(Entries taken from a collection)
···
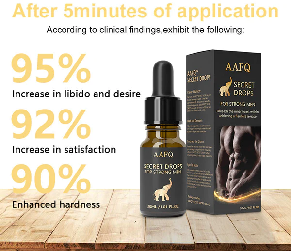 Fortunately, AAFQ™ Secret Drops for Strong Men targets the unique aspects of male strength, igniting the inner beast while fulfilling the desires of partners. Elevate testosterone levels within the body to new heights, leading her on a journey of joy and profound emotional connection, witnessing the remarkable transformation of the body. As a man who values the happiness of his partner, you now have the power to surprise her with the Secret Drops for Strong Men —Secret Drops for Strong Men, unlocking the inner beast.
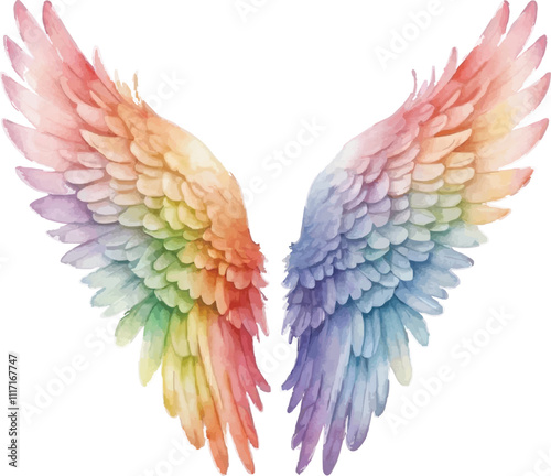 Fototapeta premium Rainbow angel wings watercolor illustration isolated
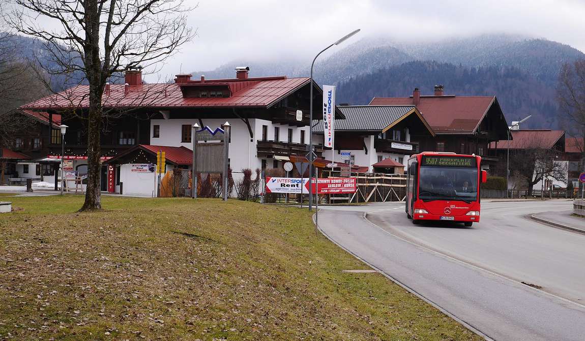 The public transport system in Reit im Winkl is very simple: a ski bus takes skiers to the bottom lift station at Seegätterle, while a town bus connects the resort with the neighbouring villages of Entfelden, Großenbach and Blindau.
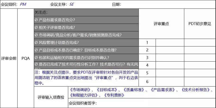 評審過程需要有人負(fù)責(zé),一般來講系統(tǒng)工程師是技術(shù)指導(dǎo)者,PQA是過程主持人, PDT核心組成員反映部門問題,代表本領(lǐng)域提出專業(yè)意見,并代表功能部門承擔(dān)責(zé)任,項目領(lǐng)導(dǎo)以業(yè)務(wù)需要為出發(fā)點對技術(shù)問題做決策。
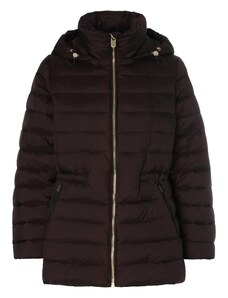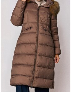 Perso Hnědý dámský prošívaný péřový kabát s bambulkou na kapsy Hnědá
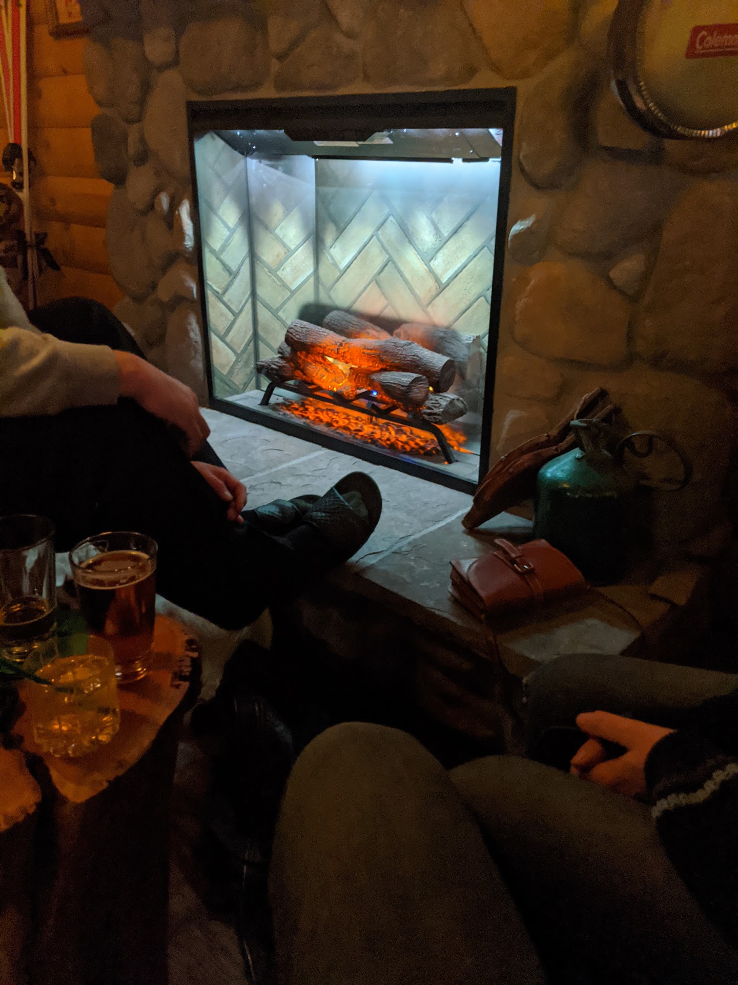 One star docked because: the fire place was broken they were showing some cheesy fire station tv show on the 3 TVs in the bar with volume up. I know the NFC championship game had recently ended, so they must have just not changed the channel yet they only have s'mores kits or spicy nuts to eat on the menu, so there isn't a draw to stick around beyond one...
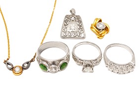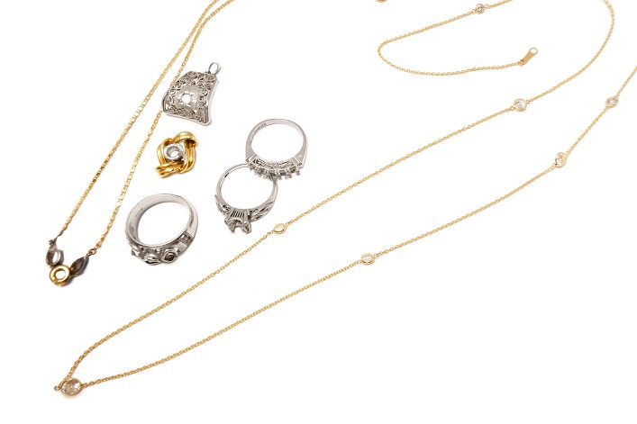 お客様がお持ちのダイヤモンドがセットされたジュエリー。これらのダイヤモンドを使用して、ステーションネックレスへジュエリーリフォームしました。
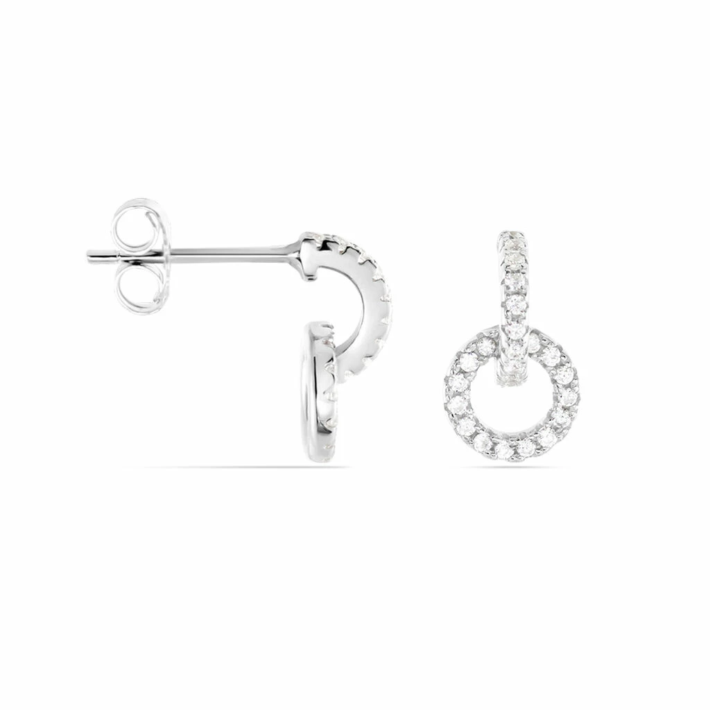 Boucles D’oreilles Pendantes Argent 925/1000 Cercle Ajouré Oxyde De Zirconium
···
#### Task goal:
Without the pictures, give every line above again exactly.

#### Reply to the task:
 Fortunately, AAFQ™ Secret Drops for Strong Men targets the unique aspects of male strength, igniting the inner beast while fulfilling the desires of partners. Elevate testosterone levels within the body to new heights, leading her on a journey of joy and profound emotional connection, witnessing the remarkable transformation of the body. As a man who values the happiness of his partner, you now have the power to surprise her with the Secret Drops for Strong Men —Secret Drops for Strong Men, unlocking the inner beast.
 Fototapeta premium Rainbow angel wings watercolor illustration isolated
 The public transport system in Reit im Winkl is very simple: a ski bus takes skiers to the bottom lift station at Seegätterle, while a town bus connects the resort with the neighbouring villages of Entfelden, Großenbach and Blindau.
 評審過程需要有人負(fù)責(zé),一般來講系統(tǒng)工程師是技術(shù)指導(dǎo)者,PQA是過程主持人, PDT核心組成員反映部門問題,代表本領(lǐng)域提出專業(yè)意見,并代表功能部門承擔(dān)責(zé)任,項目領(lǐng)導(dǎo)以業(yè)務(wù)需要為出發(fā)點對技術(shù)問題做決策。
 Perso Hnědý dámský prošívaný péřový kabát s bambulkou na kapsy Hnědá
 One star docked because: the fire place was broken they were showing some cheesy fire station tv show on the 3 TVs in the bar with volume up. I know the NFC championship game had recently ended, so they must have just not changed the channel yet they only have s'mores kits or spicy nuts to eat on the menu, so there isn't a draw to stick around beyond one...
 お客様がお持ちのダイヤモンドがセットされたジュエリー。これらのダイヤモンドを使用して、ステーションネックレスへジュエリーリフォームしました。
 Boucles D’oreilles Pendantes Argent 925/1000 Cercle Ajouré Oxyde De Zirconium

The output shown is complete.